The lack of static typing (in base JS, at least) also makes it hard for tools to automatically spot very basic brokenness in dependencies without (repeatedly) running & testing the code. This makes even "safe" version bumps less trustworthy and harder to audit, and makes it harder for developers to notice if they've accidentally changed an interface on one of their libraries that they marked as a minor patch (i.e. the errors are both harder to check for, and more likely to occur, basically because they're harder to check for), so it's tempting to stick to old versions longer.
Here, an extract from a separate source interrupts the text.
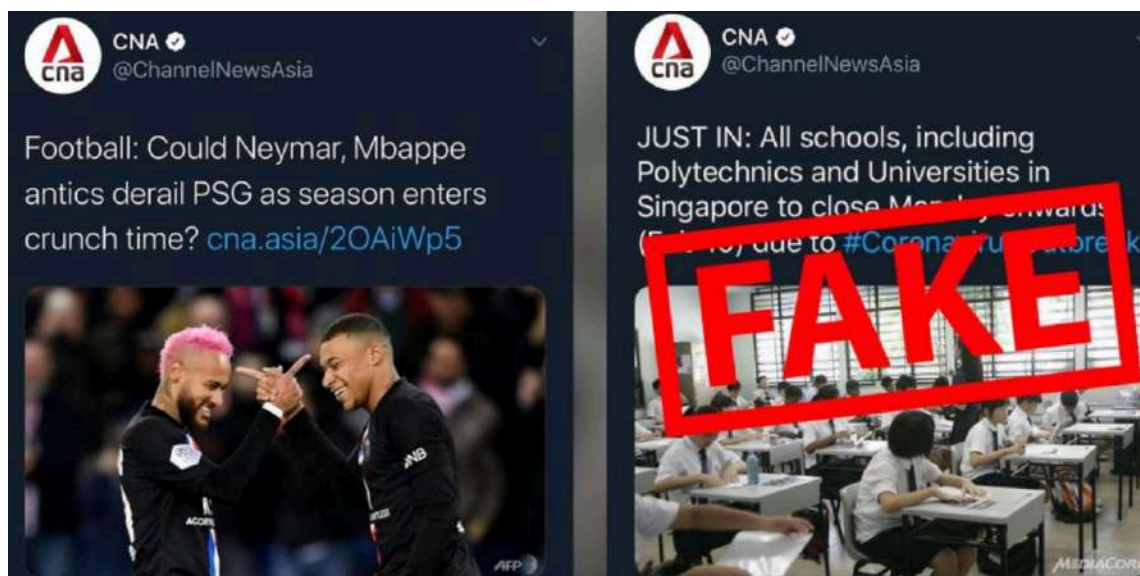
Example of Misinformation, Source: Lim, 2020

However, the biggest and most brazen attacks seem to have been launched by the Russian state authorities. An internal European Union briefing states that Russia's state-aligned media has launched a significant disinformation campaign against the West to worsen the impact of the coronavirus, generate panic and sow distrust (Emmott, 2020). "For the Kremlin, Covid-19 is an opportunity as well as a crisis," says Foxall (2020). "Russia has long sought to subvert the rules-based international order by creating fractures within Western societies, or taking advantage of pre-existing ones."

Add to that everything else—the fast pace of changes, javascript "culture", the weak standard library, the tendency to patch in what ought to either be basic language features or else avoided in favor of more-vanilla idioms, often in competing and incompatible ways—and all that is how you end up with 20 slightly-different copies of the same damn library in your dependency tree, and then 20 other copies of another library that does the same thing.

Big part of the insanity is also how projects introduce dependencies for very simple things like padding a number or a string.
https://www.npmjs.com/package/is-odd

447,211 weekly downloads for what can be done in vanilla JS with foo % 2 === 1;

You can thank Jon Schlinkert for that: https://github.com/jonschlinkert?tab=repositories

He abandoned the projects, but:

* https://github.com/jonschlinkert/is-odd

* https://github.com/jonschlinkert/is-even

Of course that doesn't stop them from getting ~500k downloads/week.

Which itself depends on is-number package.
You and GP have shown me new even more scary depths here. Not sure whether I should thank you for that. (When does the next flight off this rock go?)
It's not really that crazy. This package is a small amount of code, but it's important code (the same goes for this package's dependency is-number). This package shows up in the dependency trees of some popular packages, which is probably where most of the weekly downloads come from.

If you're writing straightforward application code where you already know you have a valid number, then this package probably isn't for you. You can just do num % 2 === 1.

I get it, JS is a weird language, but simple things like "is number" are still easy enough to do in JS, especially, when ints and floats are all just "number" in JS:

function is_number(val) { return typeof val === "number"; }

With a function that easily written, no one should have any excuse to depend on a third-party dependency for it.

leftpad was a small amount of code too. If it’s a small amount of code that’s design stable and downloaded often, it’s an extremely strong candidate for inclusion in the standard library.